Section 1.2
Variables. Data types. Constants.
cplusplus.com

The usefulness of the "Hello World" programs shown in the previous section are something more than questionable. Since we have had to write several lines of code, compile them, and then execute the resulting program to obtain just a phrase on the screen as result. It is true, but programming is not limited only to print texts on screen, it would be much faster to simply write the output sentence by ourselves. In order to go a little further on and to become able to write programs that perform useful tasks that really save us work we need to introduce the concept of variable.

Let's think that I ask you to retain number 5 in your mental memory, and then I ask you to memorize also the number 2. You have just stored two values in your memory. Now, if I ask you to add 1 to the first number I said, you should be retaining numbers 6 (that is 5+1) and 2 in your memory. Values that now we could subtract and obtain 4 as result.

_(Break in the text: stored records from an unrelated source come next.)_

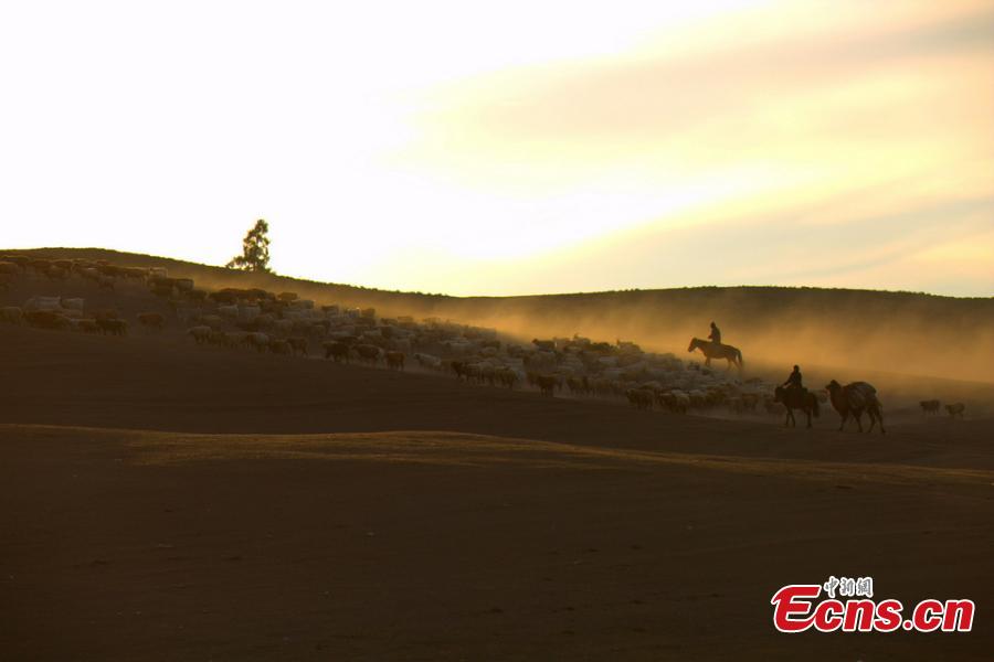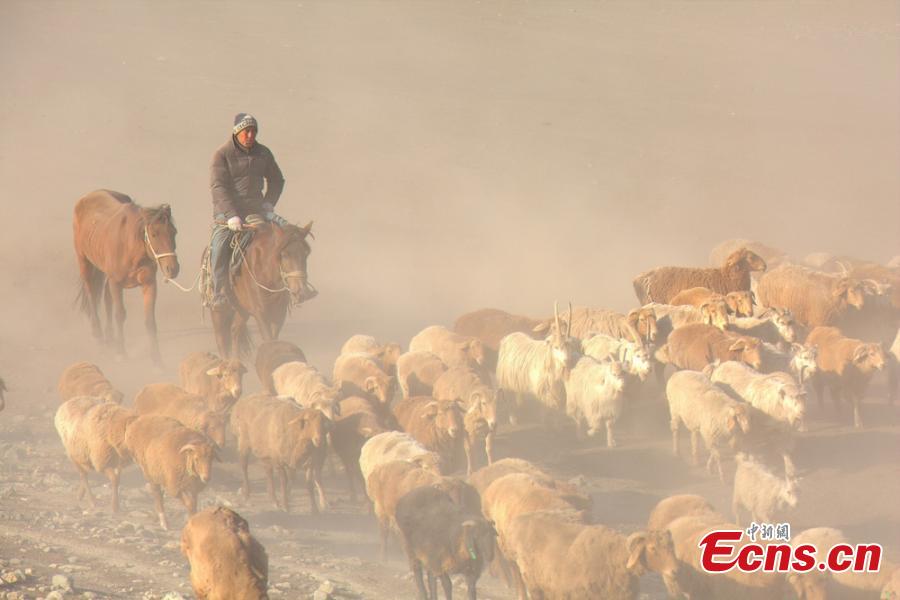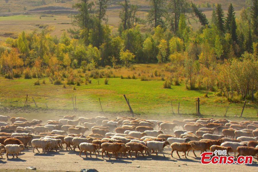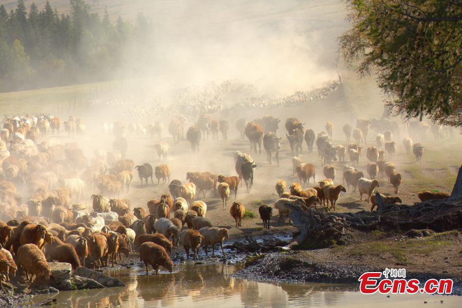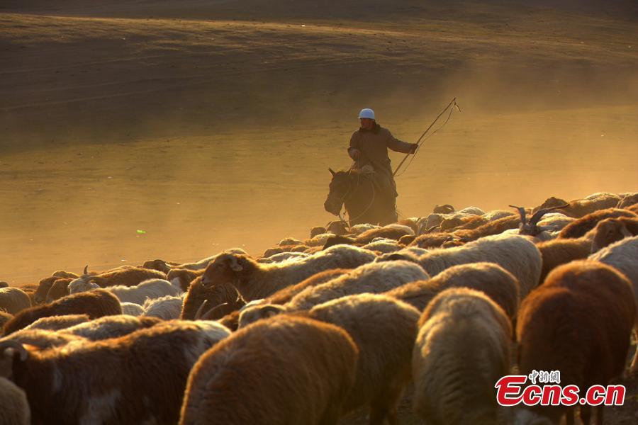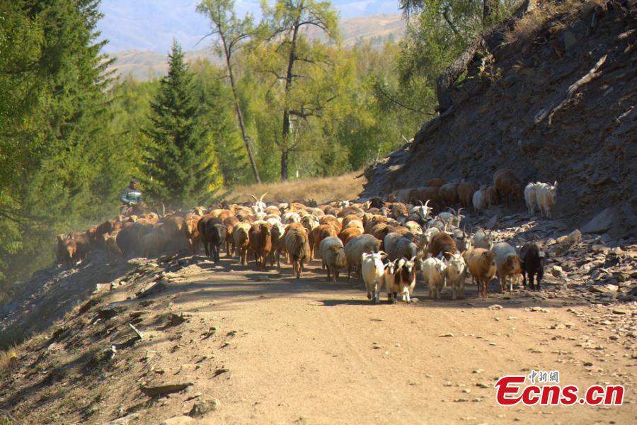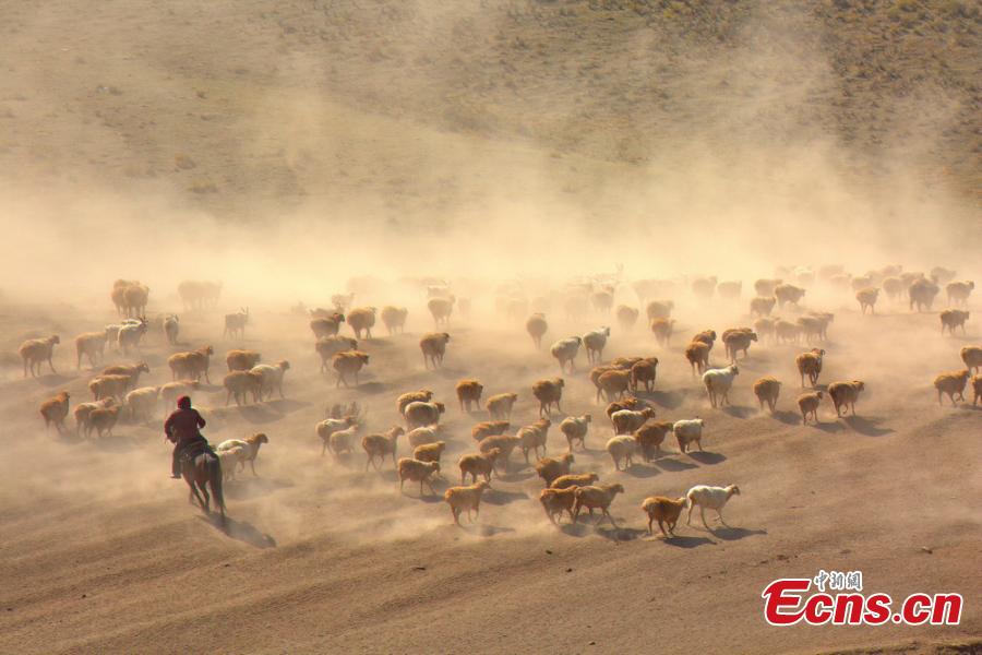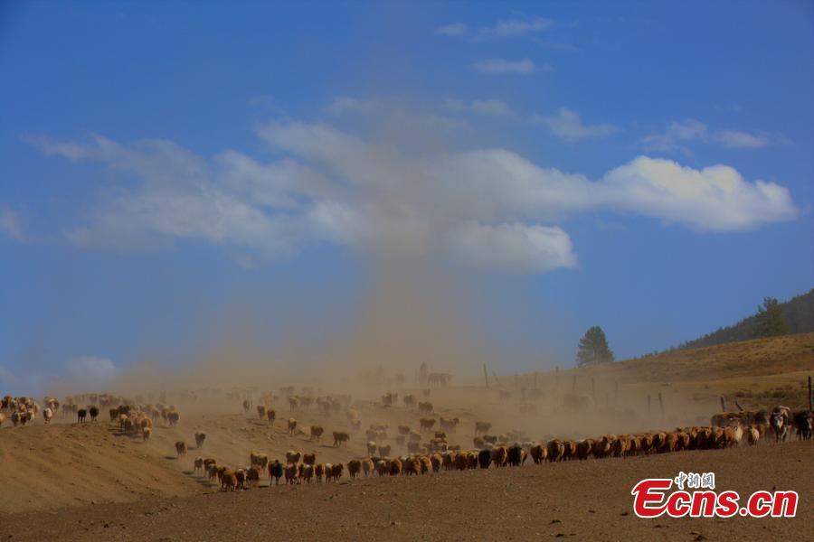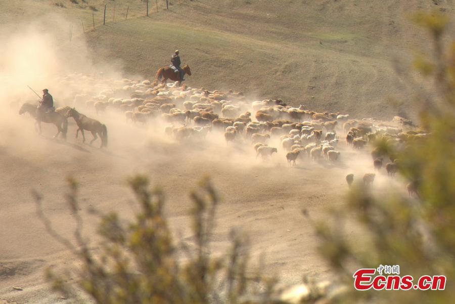 Hundreds of thousands of sheep and cattle are shepherded across grassland during a seasonal livestock migration in Altay, Northwest China's Xinjiang Uygur Autonomous Region in the middle of September, 2014. Local herders who follow a traditional transhumant way of life move their livestock to the cooler highland areas in the spring and summer seasons, and then towards the warmer lowlands in the winter. [Photo/ Liu Shihe]
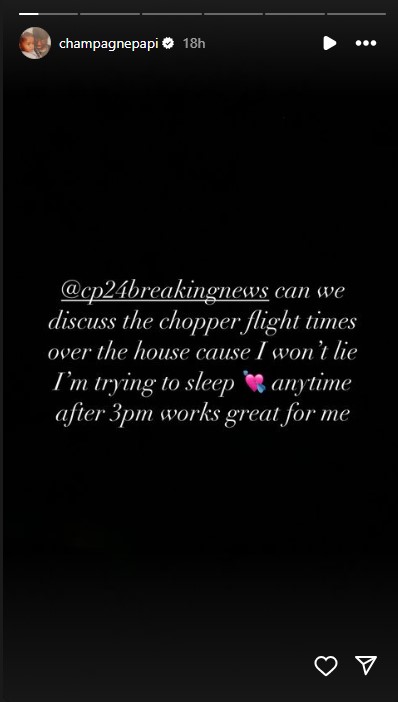 Shortly after, Drake expressed frustration on Instagram over the presence of news helicopters over his property after the series of police-involved events.
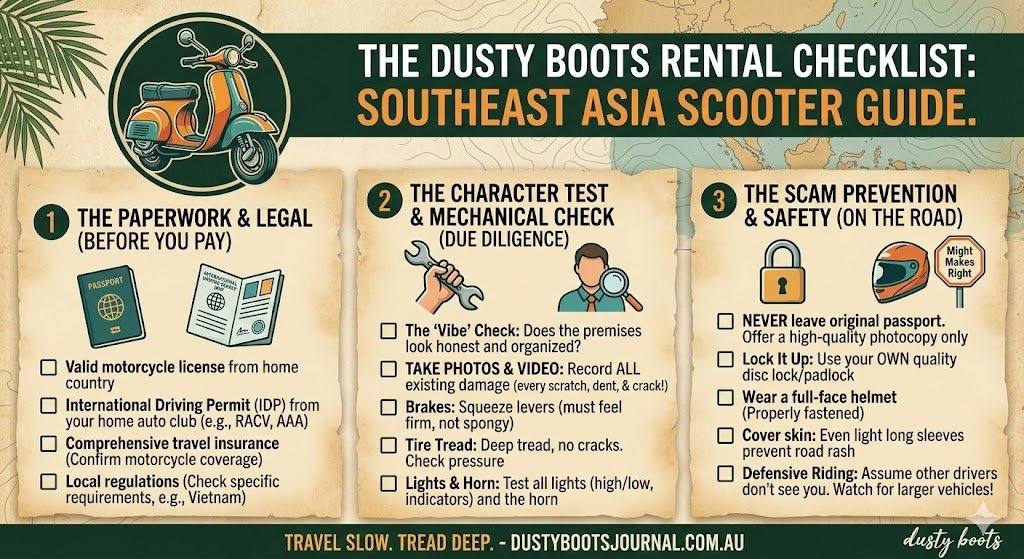 - The photo proof: Take a video of every scratch, dent, and cracked mirror. Rental shops are notorious for claiming ‘new’ damage when you return the bike.
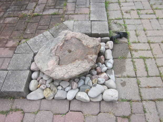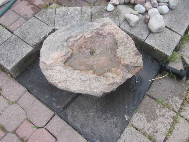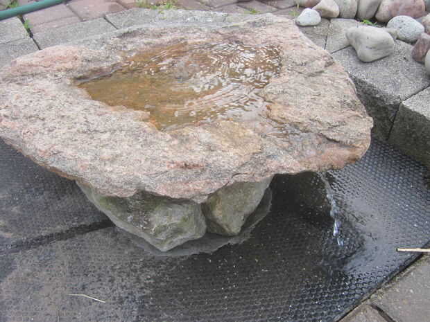 Usted puede hacer esta parte por su cuenta como lo hice, pero puede que desee alguien para ayudarle a colocar la base, particularmente si utiliza granito pesado como el mío. Con la fuente de granito pesado base ' borde', me corrió la manguera por el orificio del centro y bajar con cuidado la base de granito sobre las rocas de apoyo. Encienda la bomba y el uso de pequeñas piedras planas, nivel de la base para que el agua corre sobre el borde donde quieres hacerlo, pero deja un charco de agua en la base.
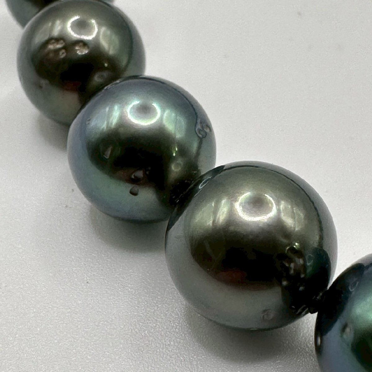 USED 真珠 パール ネックレス 最小約9mm ~最大12mm玉 80g 37粒 47cm ブラックパール系 留め具 K14WG D0.02ct アクセサリー 冠婚葬祭 收藏
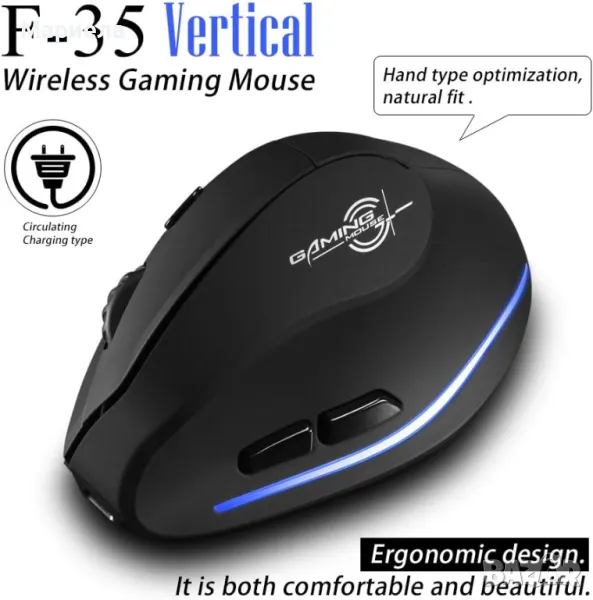 Вертикална безжична мишка / Акумулаторна Мишка 2400DPI / Ергономичен дизайн
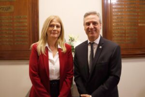 La Vicegobernadora bonaerense, Verónica Magario y el presidente del Colegio de Escribanos de la Provincia de Buenos Aires, Guillermo Longhi
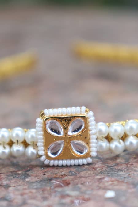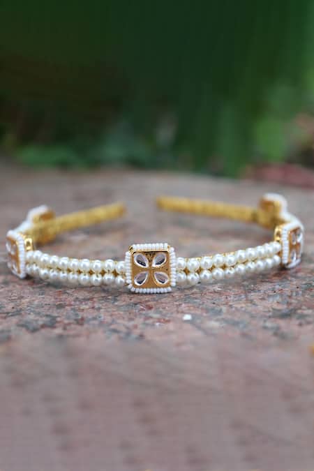 Gold hairband featuring pearl lined design with stone studded brooch embellishments

All this process that you have made is a simil of what a computer can do with two variables. This same process can be expressed in C++ with the following instruction set:

a = 5;
b = 2;
a = a + 1;
result = a - b;

Obviously this is a very simple example since we have only used two small integer values, but consider that your computer can store several million of numbers like these at the same time and conduct sophisticated mathematical operations with them.

Therefore, we can define a variable like a portion of memory to store a determined value.

Each variable needs an identifier that distinguishes it from the others, for example, in the previous code the variable identifiers were a, b and result, but we could have called the variables with any name we had wanted to invent, whenever they were valid identifiers.

Identifiers

A valid identifier is a sequence of one or more letters, digits or underline symbols ( _ ). The length of an identifier is not limited, although for some compilers only the 32 first characters of an identifier are significant (the rest are not considered).

Neither spaces nor marked letters can be part of an identifier. Only letters, digits and underline characters are valid. In addition, variable identifiers should always begin with a letter. They can also begin with an underline character ( _ ), but this is usually reserved for external links. In no case they can begin with a digit.

Another rule that you have to consider when inventing your own identifiers is that they cannot match with any language's key word nor your compiler's ones since they could be confused with these, for example, the following expressions are always considered key words according to the ANSI-C++ standard and therefore they must not be used as identifiers:

asm, car, bool, break, marry, catch, to char, class, const, const_cast, continue, default, delete, do, double, dynamic_cast, else, enum, explicit, extern, false, float, for, friend, goto, if, inline, int, long, mutable, namespace, new, operator, private, protected, public, to register, reinterpret_cast, return, short, signed, sizeof, static, static_cast, struct, switch, template, this, throw, true, try, typedef, typeid, typename, union, unsigned, using, virtual, void, volatile, wchar_t
Additionally, alternative representations for some operators do not have to be used as identifiers since they are reserved words under some circumstances:
and, and_eq, bitand, bitor, compl, not, not_eq, or, or_eq, xor, xor_eq
your compiler may also include some more specific reserved keywords. For example, many compilers which generate 16bits code (like some compilers for DOS) include also far, huge and near as key words.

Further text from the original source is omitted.